----- Task data

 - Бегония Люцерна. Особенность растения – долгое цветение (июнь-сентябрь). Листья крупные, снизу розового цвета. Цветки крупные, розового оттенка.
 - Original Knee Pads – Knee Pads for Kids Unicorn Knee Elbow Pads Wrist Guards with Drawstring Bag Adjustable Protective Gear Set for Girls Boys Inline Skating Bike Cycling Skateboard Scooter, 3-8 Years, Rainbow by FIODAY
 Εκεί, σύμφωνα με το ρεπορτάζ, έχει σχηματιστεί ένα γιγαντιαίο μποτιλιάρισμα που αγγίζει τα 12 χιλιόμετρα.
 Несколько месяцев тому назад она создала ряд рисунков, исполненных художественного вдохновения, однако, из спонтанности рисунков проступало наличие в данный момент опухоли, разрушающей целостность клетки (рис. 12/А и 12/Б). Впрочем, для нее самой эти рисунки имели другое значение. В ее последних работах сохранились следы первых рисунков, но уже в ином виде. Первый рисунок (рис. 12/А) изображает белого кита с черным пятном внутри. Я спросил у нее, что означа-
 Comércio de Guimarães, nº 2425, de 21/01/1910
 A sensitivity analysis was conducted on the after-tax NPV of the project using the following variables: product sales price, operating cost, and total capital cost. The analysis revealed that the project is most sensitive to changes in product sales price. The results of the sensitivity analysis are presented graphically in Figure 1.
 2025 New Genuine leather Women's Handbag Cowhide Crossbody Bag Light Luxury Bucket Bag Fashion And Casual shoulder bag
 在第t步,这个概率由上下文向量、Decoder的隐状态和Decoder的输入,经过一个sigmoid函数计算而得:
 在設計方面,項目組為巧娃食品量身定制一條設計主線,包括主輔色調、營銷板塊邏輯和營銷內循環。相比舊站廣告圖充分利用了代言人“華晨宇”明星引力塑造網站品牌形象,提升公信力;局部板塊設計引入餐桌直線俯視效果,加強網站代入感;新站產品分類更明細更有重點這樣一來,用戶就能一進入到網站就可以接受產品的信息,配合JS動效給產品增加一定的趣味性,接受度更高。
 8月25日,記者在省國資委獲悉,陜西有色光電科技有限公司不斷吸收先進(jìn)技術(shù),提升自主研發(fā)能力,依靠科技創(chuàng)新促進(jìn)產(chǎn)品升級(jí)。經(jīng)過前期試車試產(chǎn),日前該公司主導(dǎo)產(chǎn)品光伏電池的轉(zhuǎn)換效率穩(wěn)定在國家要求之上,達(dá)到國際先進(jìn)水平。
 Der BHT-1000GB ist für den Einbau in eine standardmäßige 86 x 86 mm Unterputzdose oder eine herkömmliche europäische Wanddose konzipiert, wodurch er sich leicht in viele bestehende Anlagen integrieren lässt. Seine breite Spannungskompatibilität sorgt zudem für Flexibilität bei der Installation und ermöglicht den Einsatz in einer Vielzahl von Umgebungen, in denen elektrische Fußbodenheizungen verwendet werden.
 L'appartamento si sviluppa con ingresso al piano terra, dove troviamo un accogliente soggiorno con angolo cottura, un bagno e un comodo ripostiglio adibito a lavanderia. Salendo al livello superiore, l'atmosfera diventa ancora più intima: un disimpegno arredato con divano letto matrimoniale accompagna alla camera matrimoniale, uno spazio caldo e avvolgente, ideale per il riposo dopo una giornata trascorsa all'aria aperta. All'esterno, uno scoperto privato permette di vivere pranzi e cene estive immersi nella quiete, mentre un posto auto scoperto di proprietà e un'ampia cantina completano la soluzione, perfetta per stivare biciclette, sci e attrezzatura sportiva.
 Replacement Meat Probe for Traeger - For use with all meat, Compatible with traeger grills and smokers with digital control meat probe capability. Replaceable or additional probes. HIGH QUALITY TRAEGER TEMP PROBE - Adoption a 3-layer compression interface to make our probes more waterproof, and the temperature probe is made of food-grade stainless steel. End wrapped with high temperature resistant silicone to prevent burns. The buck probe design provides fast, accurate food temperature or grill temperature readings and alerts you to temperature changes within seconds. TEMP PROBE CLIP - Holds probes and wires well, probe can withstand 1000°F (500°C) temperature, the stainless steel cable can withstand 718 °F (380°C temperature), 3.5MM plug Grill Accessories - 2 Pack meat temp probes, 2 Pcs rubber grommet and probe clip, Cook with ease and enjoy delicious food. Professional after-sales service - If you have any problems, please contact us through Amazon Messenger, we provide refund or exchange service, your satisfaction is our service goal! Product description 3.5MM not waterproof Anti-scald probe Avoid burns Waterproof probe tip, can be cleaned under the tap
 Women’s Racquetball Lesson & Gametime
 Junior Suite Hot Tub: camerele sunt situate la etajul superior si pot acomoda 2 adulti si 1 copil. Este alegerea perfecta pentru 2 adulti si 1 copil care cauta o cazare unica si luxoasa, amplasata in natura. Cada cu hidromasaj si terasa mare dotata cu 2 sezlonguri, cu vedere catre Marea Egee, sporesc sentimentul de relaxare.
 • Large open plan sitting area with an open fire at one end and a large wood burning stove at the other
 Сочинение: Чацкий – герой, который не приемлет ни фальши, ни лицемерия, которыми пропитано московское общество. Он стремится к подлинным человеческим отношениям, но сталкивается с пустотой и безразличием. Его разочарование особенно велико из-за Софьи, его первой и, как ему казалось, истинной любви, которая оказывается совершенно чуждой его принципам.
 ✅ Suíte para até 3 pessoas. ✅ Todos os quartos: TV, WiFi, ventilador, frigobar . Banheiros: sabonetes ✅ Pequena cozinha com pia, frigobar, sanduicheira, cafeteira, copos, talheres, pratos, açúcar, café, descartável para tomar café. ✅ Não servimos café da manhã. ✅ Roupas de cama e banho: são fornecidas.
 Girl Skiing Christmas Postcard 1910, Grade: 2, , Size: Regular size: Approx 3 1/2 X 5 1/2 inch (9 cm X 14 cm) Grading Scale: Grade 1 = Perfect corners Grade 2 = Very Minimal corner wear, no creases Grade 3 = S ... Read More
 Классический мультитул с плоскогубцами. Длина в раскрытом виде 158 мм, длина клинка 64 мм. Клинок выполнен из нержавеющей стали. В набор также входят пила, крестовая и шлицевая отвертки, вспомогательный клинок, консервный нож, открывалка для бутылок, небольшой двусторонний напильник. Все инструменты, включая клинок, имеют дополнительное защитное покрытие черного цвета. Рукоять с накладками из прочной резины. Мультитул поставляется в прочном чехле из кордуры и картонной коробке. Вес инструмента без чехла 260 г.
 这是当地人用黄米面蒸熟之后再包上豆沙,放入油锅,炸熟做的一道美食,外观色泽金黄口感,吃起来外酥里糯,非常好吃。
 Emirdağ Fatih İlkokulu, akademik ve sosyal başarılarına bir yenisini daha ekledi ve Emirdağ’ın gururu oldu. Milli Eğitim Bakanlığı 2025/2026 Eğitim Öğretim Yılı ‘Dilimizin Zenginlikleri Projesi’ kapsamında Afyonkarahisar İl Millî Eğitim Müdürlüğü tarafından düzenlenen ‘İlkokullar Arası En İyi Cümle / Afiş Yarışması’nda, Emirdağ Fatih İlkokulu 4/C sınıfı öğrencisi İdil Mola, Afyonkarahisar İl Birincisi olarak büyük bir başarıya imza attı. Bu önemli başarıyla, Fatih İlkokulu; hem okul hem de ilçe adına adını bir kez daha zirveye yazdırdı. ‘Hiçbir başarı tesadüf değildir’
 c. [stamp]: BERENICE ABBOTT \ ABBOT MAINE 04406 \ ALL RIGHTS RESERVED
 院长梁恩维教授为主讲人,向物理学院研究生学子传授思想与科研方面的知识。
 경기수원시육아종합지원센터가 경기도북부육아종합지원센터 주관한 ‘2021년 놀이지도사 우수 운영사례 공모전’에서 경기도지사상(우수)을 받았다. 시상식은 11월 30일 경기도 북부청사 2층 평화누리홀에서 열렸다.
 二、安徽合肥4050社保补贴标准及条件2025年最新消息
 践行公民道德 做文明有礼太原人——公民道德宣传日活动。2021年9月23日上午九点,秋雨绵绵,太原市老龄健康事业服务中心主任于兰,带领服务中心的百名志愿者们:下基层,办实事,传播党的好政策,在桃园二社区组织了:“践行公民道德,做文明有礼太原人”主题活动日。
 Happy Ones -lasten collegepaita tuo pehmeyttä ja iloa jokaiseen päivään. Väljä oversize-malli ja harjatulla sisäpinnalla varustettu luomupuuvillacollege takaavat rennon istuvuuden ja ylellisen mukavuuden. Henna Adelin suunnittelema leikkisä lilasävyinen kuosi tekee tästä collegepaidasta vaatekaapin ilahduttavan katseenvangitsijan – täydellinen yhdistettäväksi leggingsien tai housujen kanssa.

----------

**Problem requirements:** Begin with the first line of the listing above and write out each line exactly, ending with the line that contains "Εκεί, σύμφωνα με".

**Answer to this task:**
 - Бегония Люцерна. Особенность растения – долгое цветение (июнь-сентябрь). Листья крупные, снизу розового цвета. Цветки крупные, розового оттенка.
 - Original Knee Pads – Knee Pads for Kids Unicorn Knee Elbow Pads Wrist Guards with Drawstring Bag Adjustable Protective Gear Set for Girls Boys Inline Skating Bike Cycling Skateboard Scooter, 3-8 Years, Rainbow by FIODAY
 Εκεί, σύμφωνα με το ρεπορτάζ, έχει σχηματιστεί ένα γιγαντιαίο μποτιλιάρισμα που αγγίζει τα 12 χιλιόμετρα.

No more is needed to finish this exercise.